Suresh Sambandam of OrangeScape, Krishna Mehra of Capillary Technologies, Jaspreet Singh of Druva, Balaji Sreenivasan of Aurigo, Vivek Ravisankar of InterviewStreet - all have something in common, other than that they have been featured here for their accomplishments. They are all technology entrepreneurs who started their ventures in India over the past few years, built them to a significant level of success, and now they have all relocated to the US, or are in the process of relocating (themselves, not the companies).
We have mentioned just five names. But there are more. And the one common reason for the move is the US market. It's by far the biggest consumer of technology. "It's as big as the rest of the world in software technology spends - they over-invest in technology," says Mehra of Capillary, which built its cloud-based retail analytics and customer engagement business in India for the first three years. Mehra has established a team of five locals in the US and will himself move to the US in the second quarter of this year.
Aurigo's Sreenivasan says customers prefer to know that the CEO is in the same geography that they are in. "This is even more with enterprise software customers, who spend millions of dollars on their IT systems," he says. Aurigo provides project management solutions to big construction and utilities companies, and 80% of its revenues comes from the North American market.
"Ultimately, people buy from people. The passion that an entrepreneur has is unique and it is important that it be leveraged in the marketplace the company operates in. Building new relationships and nurturing old ones is as important as building the most innovative software. If a customer does not feel comfortable engaging with a vendor, it does not matter how many features the vendor's software product has, or what platform it is built on," Sreenivasan says. He also found that his sales team was more effective when managed closely rather than remotely with frequent trips back and forth.
Shekhar Kirani, partner in VC firm Accel Partners, says it's also easier for companies to honour a contract and resolve issues locally if the start-up has a US headquarters.
The Silicon Valley eco-system is another powerful draw for Indian tech entrepreneurs. OrangeScape's platform-as-a-service product allows people to create cloud-based applications and deploy them easily and quickly. But it's also a space that has seen the entry of big players - Microsoft, Salesforce.com, Google and IBM. To bring attention to his product in the midst of such competition, OrangeScape's Sambandam says he needed to be in the "global headquarters" of technology - Silicon Valley.
"In the Valley, venture capitalists, technology writers, technology consultants all combine to make good products successful. Customers also look at all that is being said about a product and adopt products that are expected to become global. And then the rest of the world picks them up," Sambandam says.
Aneesh Reddy, Capillary's CEO and co-founder who will continue to be based in India, echoes similar views: "The Valley has a lot of activity happening on the social and mobile front, and we wanted to be part of the action, rather than view it from a distance. The Valley also gives a lot of visibility and opens up possibilities for partnerships."

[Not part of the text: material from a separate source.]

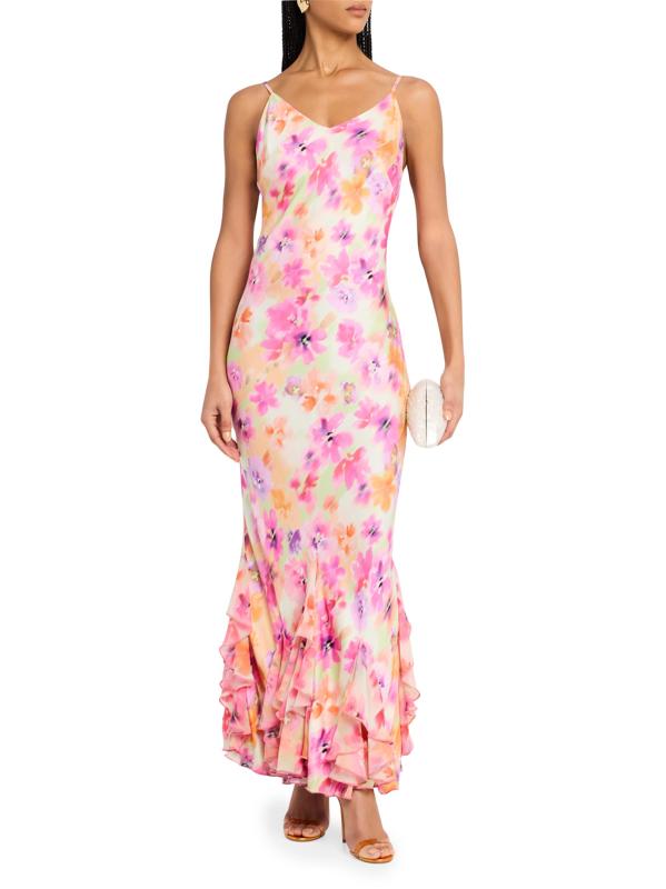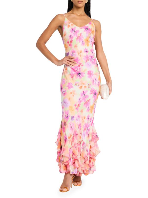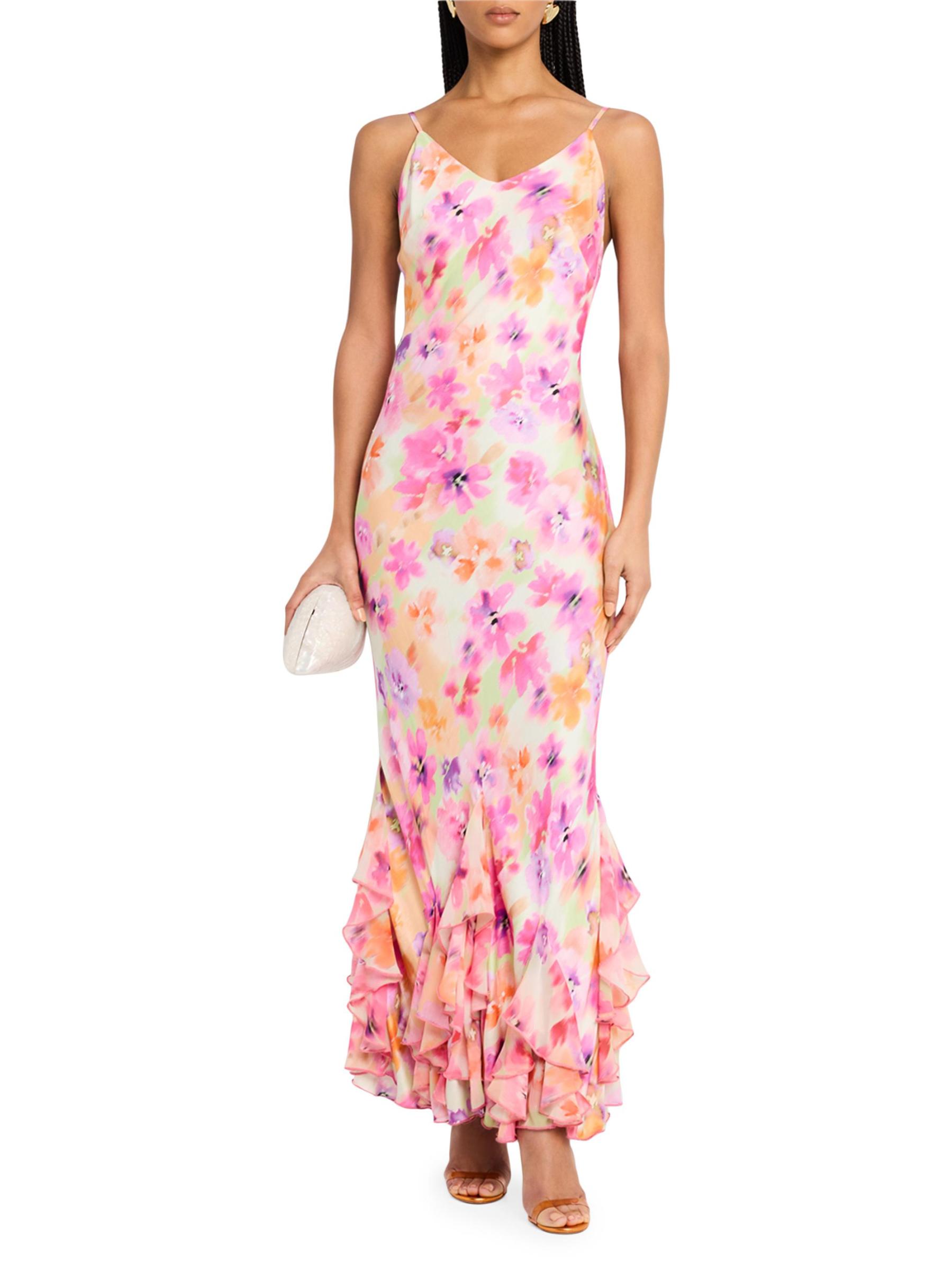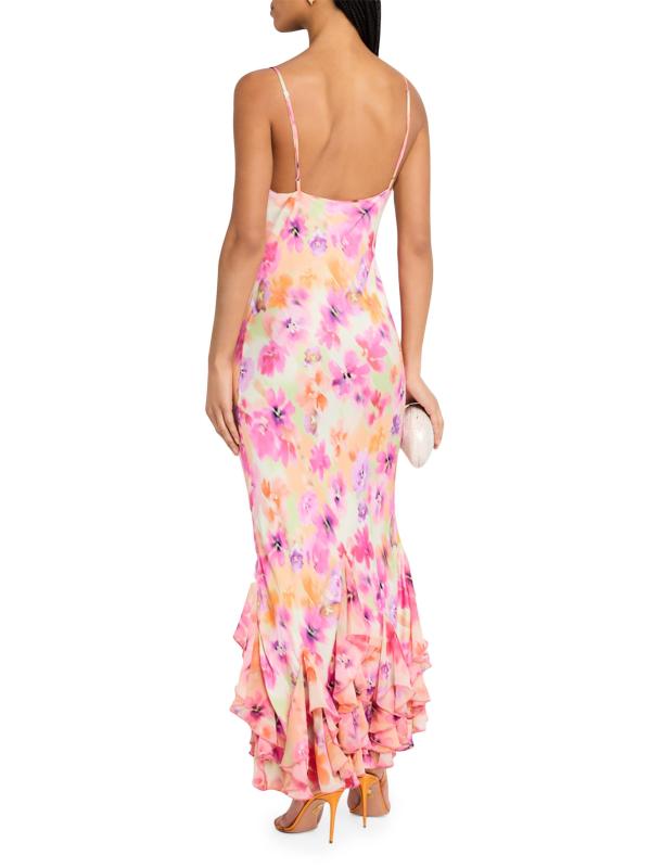 تزين الكشكشة ذات الطبقات فستان فريدا من La Superbe. صُمم التصميم بمقاس ضيق، وهو مطبوع بزهور النيون.
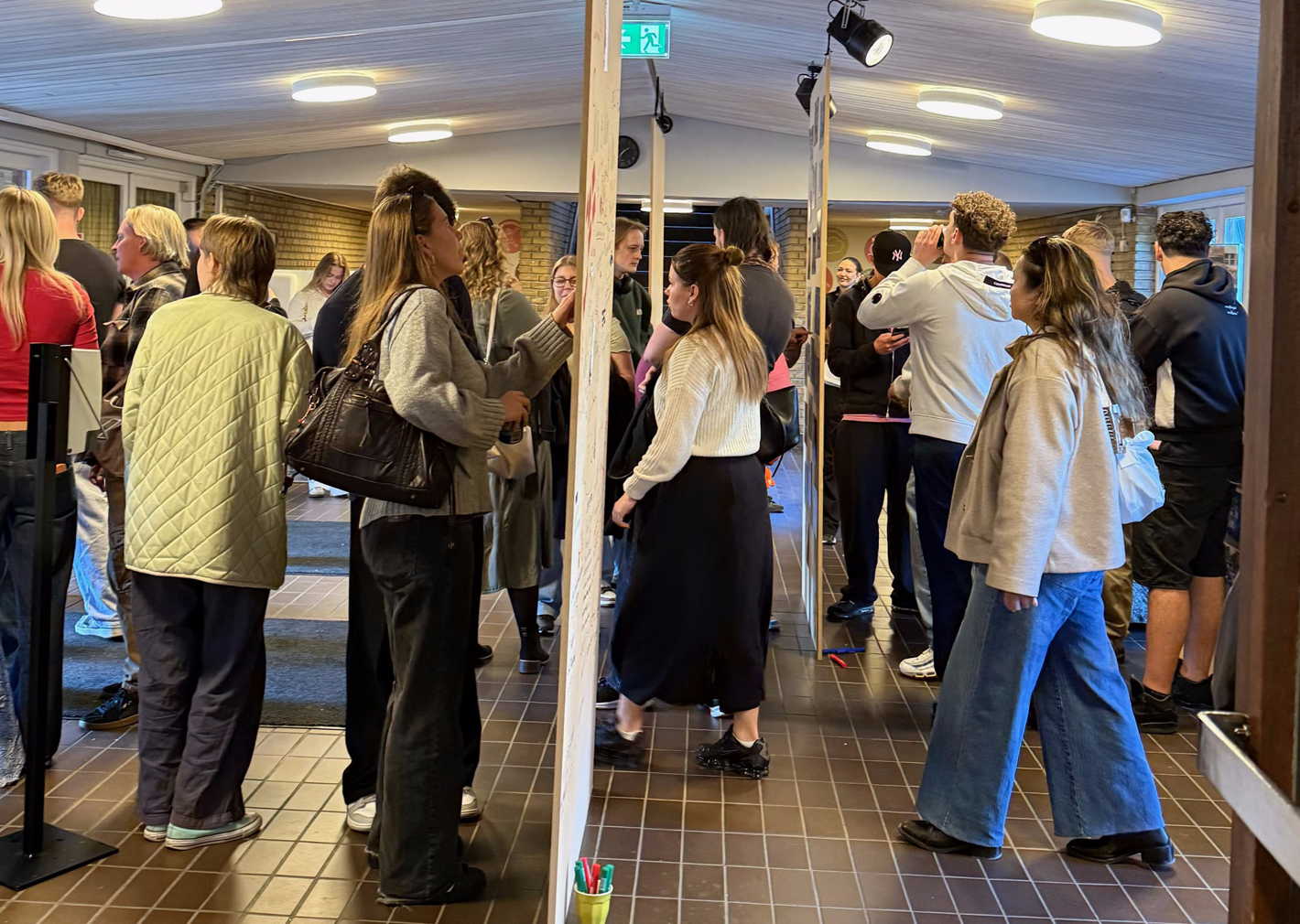 Senere på eftermiddagen var der gensynsglæde, da tidligere elever var inviteret til en hyggelig stund på skolen. I foyeren kunne de gå på opdagelse i store billedtavler med fotos fra de seneste 30 år – og mange fandt både sig selv og gamle skolekammerater blandt billederne. Snakken gik livligt om gamle dage, og der blev både grinet og delt minder med tidligere lærere.

Samir Kelekar, founder of Bangalore-based IT security firm Zeno Security, is relocating to the US to explore licensing opportunities for technologies he has developed. He has a patent in the area of network security and two more are in the pipeline. "In the US, many inventors are able to navigate the patent system on their own without a lawyer's help. Also, it's so easy to start a business there. In India, I need a lawyer and a chartered accountant to help me keep pace with the new rules introduced. In Delaware, where I have an office, there are state-appointed agents to incorporate your company on your behalf if you are based outside Delaware," he says.
However, for all of these companies, India remains the hub of software development. Where there are multiple founders, typically only one founder moves to the US. And experts say that as the Indian start-up eco-system develops and as the start-ups mature, there may be fewer reasons for founders to be in the US. Dhiraj Rajaram, founder of analytics firm Mu Sigma, which is today a near $100-million company, shifted to Bangalore from the US, after establishing a mature US office.